A structured sentiment analysis dataset, derived from social media comments, is introduced in this paper. The dataset spans 22 diverse domains and comprises over 200,000 reviews, providing a rich resource for sentiment analysis tasks in the Chinese language context. Each comment within the dataset has been manually annotated with a sentiment label, either positive, negative, or neutral, and grouped by topic. This meticulous annotation process ensures the dataset's reliability for training, validating, and testing sentiment analysis models. The construction of the dataset involved a three-step process. Initially, data was collected from the topics that garnered high attention and discussion rates, thereby reflecting the authentic opinions of users. Following data collection, preprocessing was undertaken to remove extraneous elements, while preserving emoticons that are crucial for sentiment analysis. The final step involved manual annotation by researchers, who assigned sentiment labels to each comment based on various factors. The dataset stands as a valuable contribution to the field of natural language processing, particularly for sentiment analysis tasks in the Chinese language context.
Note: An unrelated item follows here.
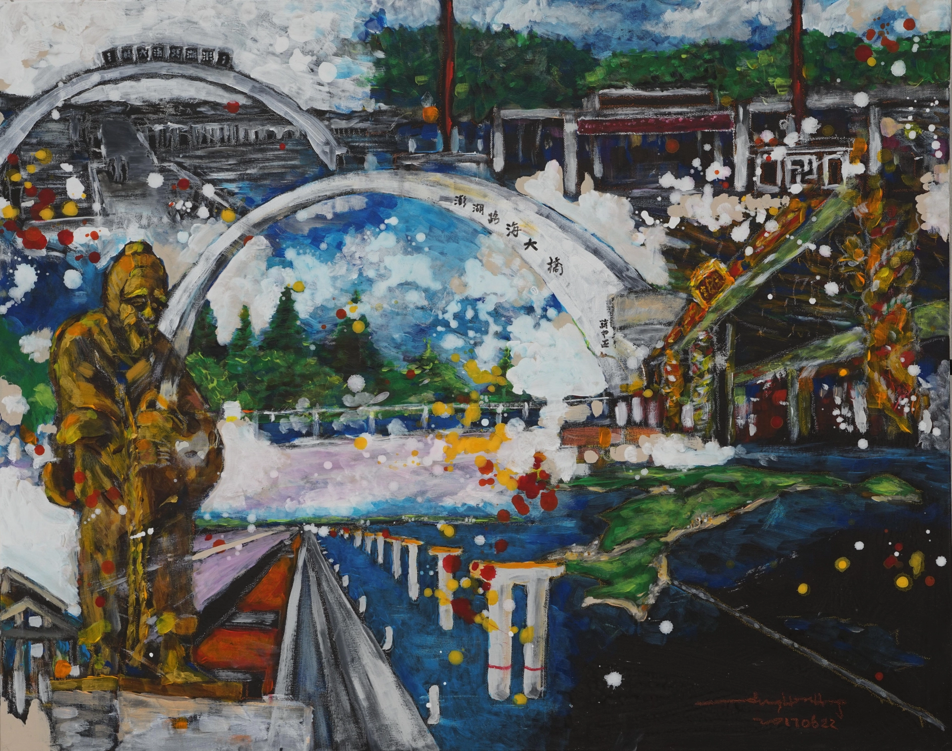 複合媒材(澎湖縣政府文化局收藏)【跨海大橋】此畫是吾人在2017年前後,嘗試以重複曝光的手法展現寫實

Keywords: Sentiment classification, Text mining, Triple classification, Natural language processing


Specifications Table

Subject Computer Science, Natural Language Processing.
Specific subject area Chinese language, Structured dataset, Sentiment analysis, machine learning, deep learning
Data format Analyzed
Type of data Text, Table
Data collection The data were acquired by manually scraping relevant data from Chinese social media platform: Weibo. These data were categorized into 22 domains based on the topics and comments. The data collection was conducted through web browsers and the data were stored in Microsoft EXCEL files.
Data source location The structured sentiment analysis dataset was constructed at Anhui University of Science and Technology, Huainan, China.
Data accessibility Repository name: Zenodo DOI:10.5281/zenodo.10488076
Direct URL to Data: https://zenodo.org/records/10488077

1. Value of the Data

  • This dataset is a Chinese text sentiment analysis dataset, covering 22 domains and nearly 200,000 pieces of data information, and it can be used to analyze the sentiment of Chinese text. It is suitable for researchers who are interested in exploring the sentiment dynamics and variations across different topics and domains in the Chinese social media context.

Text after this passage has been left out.